Insight Focus
Corn fell in Chicago on strong planting and record production. US wheat and European grains closed the week positive. Weather and demand factors support sideways trading with some volatility ahead.
There are no changes to our forecast for Chicago corn for the 2024/25 crop (September/August), expected to average USD 4.55/bushel with some downside risk depending on the trade war. The average price since September 1 is running at USD 4.47/bushel.
The May WASDE report left US corn demand for ethanol unchanged at 5.5 billion bushels for the old crop, but we continue to think this should be more in the 5.65 billion bushel region. 2024/25 ethanol production year to date is up 3.2% year on year, while the WASDE shows only a marginal increase in corn usage for ethanol of just 0.4%.

Source: USDA
We think sooner rather than later this will be reflected in upcoming WASDE reports and will be reflected in the next quarterly stock report, which would take old crop ending stocks below 1.3 billion bushels and the stock-to-use down to 8.2%. The lower old crop stocks would go down to 1.65 billion bushels versus the 1.8 billion bushels recorded in last week’s WASDE.
Corn Falls on Record Planting
Corn fell again in Chicago on strong planting progress and record new crop production as per the May WASDE.
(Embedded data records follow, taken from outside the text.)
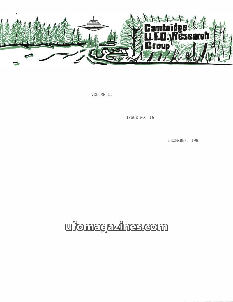 This issue of the Cambridge UFO Research Group Newsletter from December 1983 covers recent meetings, including a presentation by Oscar Magocsi about his UFO contact experiences and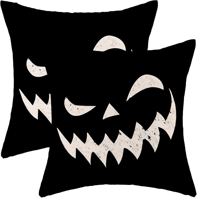 Halloween Pillow Covers 18x18 inches Set of 2 Spooky Black Decorative Throw Pillow Covers Outdoor Autumn Halloween Decoration Pillowcase Farmhouse Decorative Linen Cushion Case for Sofa Couch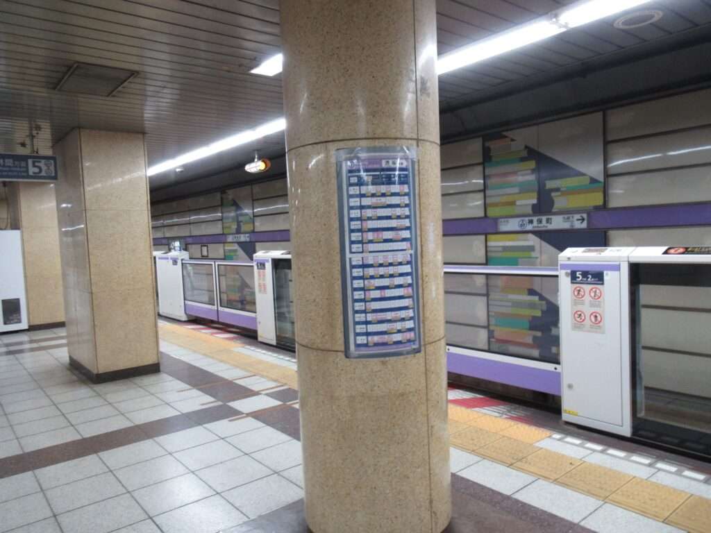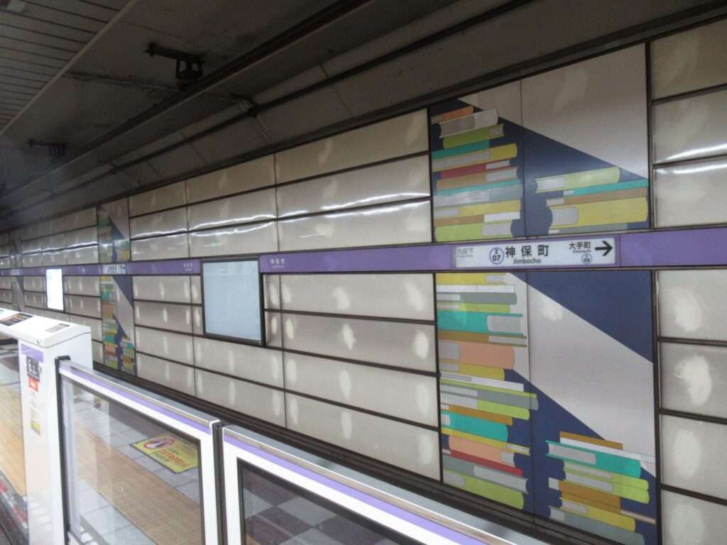 東京メトロ半蔵門線と東京都交通局都営地下鉄の三田線・都営新宿線の神保町駅でございます。専修大学前の副駅名が付けられております。半蔵門線は島式1面2線、三田線は島式1面2線、新宿線は相対式2面2線の地下駅でございます。ホームの部分では三田線が白山通りの直下、都営新宿線と半蔵門線が靖国通りの直下にございます。本の街として古書店や新刊書店が多く立地しており、多くの学校・大学がある学生街として有名でございます。専修大学神田キャンパス、共立女子大学、共立女子中学校・高等学校、明治大学駿河台キャンパス、日本大学駿河台キャンパス、正則学園高等学校、錦城学園高等学校などの最寄り駅でもございます。

The start of last week was dominated by the publication of the May WASDE last Monday and a huge increase in corn planting, surpassing by far last year’s pace and the five-year average.
The May WASDE reduced US corn old crop stocks by 50 million bushels, all coming from higher exports, leaving the stock-to-use ratio at 9.3% versus 9.6% before.
The USDA published its first estimate for 2025/26 using the number of acres from the prospective planting report released in March and a trend yield of 181 bushels per acre. This results in production of 15.82 billion bushels, up from 14.87 billion bushels for the old crop. Demand is forecast at 12.79 billion bushels versus 12.6 billion bushels for the old crop, with exports at 2.68 billion bushels versus 2.6 billion bushels last crop.
This all results in ending stocks of 1.8 billion bushels, significantly up from 1.4 billion for the old crop. Stock-to-use also rises to 11.6% versus 9.3% for the old crop.
Global ending stocks for the new 2025/26 world crop were projected at 277.8 million tonnes, down from the 287.3 million tonnes of ending stocks projected in 2024/25. World production was projected at 1.26 billion tonnes, up from 1.22 billion tonnes in 2024/25.

Source: USDA
US corn is 62% planted versus 47% last year and the five-year average of 56%. In Argentina, corn harvesting is 37.2% complete, with 80% of the area in normal to good condition, unchanged week on week.
Both BAGE and BCR left their production estimates unchanged at 49 million tonnes and 48 million tonnes, respectively. In Brazil, Conab increased its production estimate to 126.87 million tonnes, up by 2 million tonnes and compared with USDA estimates of 130 million tonnes. Summer corn harvesting is 77.6% complete.
French corn planting reached 90%, compared with 70% last year and the five-year average of 87%. Corn planting in Ukraine is 87% complete. Corn planting in Russia is 66.2% complete.
Wheat Stocks Rise Despite Demand
US wheat and European grains closed the week positive.

The May WASDE reduced old crop US wheat stocks by 5 million bushels, all coming from higher demand for food. The first estimate for the new 2025/26 crop showed a yearly stock build of 82 million bushels, a combination of 80 million bushels of lower supply coming from lower production and fewer imports, and 18 million bushels of lower demand, almost entirely from fewer exports.
Global ending stocks for the 2025/26 crop were projected at 265.7 million tonnes, marginally higher than the 265.2 million tonnes of 2024/25 ending stocks.

Source: USDA
French wheat condition was 73% good or excellent, down 1 point week on week and compared with 64% last year.
US wheat condition was 54% good or excellent, up 4 points in the week and compared with 50% last year. Spring wheat planting is 66% complete versus 59% last year and the five-year average of 49%.
US Rains Could Slow Corn Planting
The US is expected to experience ample rains for a third week in a row. Brazil’s centre-south is expected to remain dry, which is normal for this time of year, while Argentina is expected to receive ample rains. Northwest Europe is expected to remain warm and dry, similar to the Black Sea regions, which will also see some showers.
We could see a slowdown in US corn planting this week as ample rains may have impacted planting pace, but we are so far ahead of last year and the five-year average that there is enough buffer for a couple of slower weeks without impacting prices.
With last week’s WASDE and a full week for the market to price in the record corn production of the new crop, all the bearishness should have been priced in. Good weather and planting progress in the US should keep any upside capped. Dry weather in Europe impacting corn yields and higher US demand for ethanol usage — not yet reflected in the WASDE — are supportive elements for the coming months. Expect some sideways trading with some volatility coming from weather.